====== SUPPLIED DATA
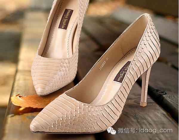 裸色蛇皮尖頭淺口細跟工作鞋
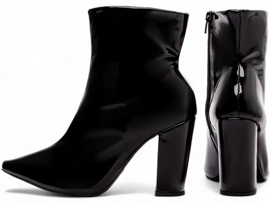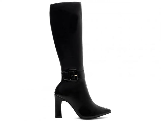 Bota Feminina Verniz Preto Salto Alto Confortável
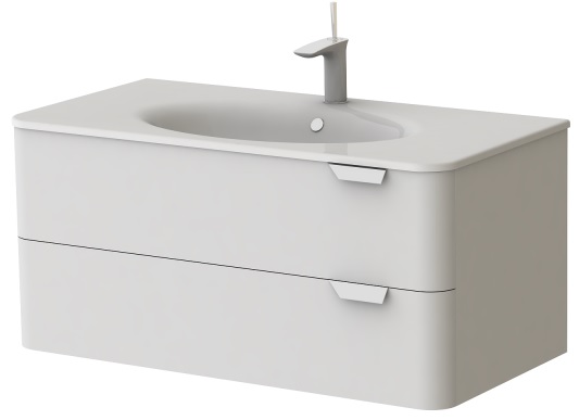* Тумба под умывальник щитовой конструкции содержит два выдвижных ящика с доводчиками
============
» **WHAT THE EXERCISE ASKS**:
Once the pictures are dropped, repeat the data above exactly.

» **YOUR SOLUTION**:
 裸色蛇皮尖頭淺口細跟工作鞋
 Bota Feminina Verniz Preto Salto Alto Confortável
* Тумба под умывальник щитовой конструкции содержит два выдвижных ящика с доводчиками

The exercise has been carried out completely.